Wednesday, November 14, 2018

India could clear flight for Singapore Airlines

India could give Singapore Airlines a lift. The $8 billion group posted dismal quarterly earnings. But opportunity may be knocking, as indebted rival Jet Airways comes into play. A deal by Singapore's influential Indian partner Tata would bring newfound clout in a promising growth market.

It was always going to be a difficult first half for the city-state's flag carrier, still in the throes of a turnaround plan. Higher oil prices drove net fuel costs up almost a quarter in the three months to September. Meanwhile, impairments and other charges at part-owned Virgin Australia hit too.
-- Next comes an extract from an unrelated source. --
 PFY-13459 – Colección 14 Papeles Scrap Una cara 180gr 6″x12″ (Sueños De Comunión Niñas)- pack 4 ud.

The result was a drop of over 80 percent in quarterly earnings, with regional arm SilkAir and low-cost Scoot posting operating losses, too.
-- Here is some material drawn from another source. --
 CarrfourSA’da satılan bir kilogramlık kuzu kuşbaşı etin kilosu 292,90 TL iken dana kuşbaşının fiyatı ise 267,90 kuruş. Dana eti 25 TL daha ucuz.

True, cut-throat competition in India has pushed ticket prices to the floor and carriers to the wall, from state-owned Air India to top player IndiGo, and loss-making Jet. But it remains one of the world's fastest-growing markets, and an inflection point may be near: Jet, controlled by tycoon Naresh Goyal and backed by United Arab Emirates carrier Etihad, is bleeding and buyers are circling, including the Tatas.
Singapore has a foothold in India through Vistara, but this venture with Tata only has a sliver of the market. If the Indian group - which also has a separate low-cost airline - can win control of Jet, the smaller operations could be folded into it. Singapore could benefit from slots in crowded airports through a stake in the subcontinent's top full-service carrier. It would be far easier too than trying to turnaround sprawling state-owned Air India, which was recently up for sale.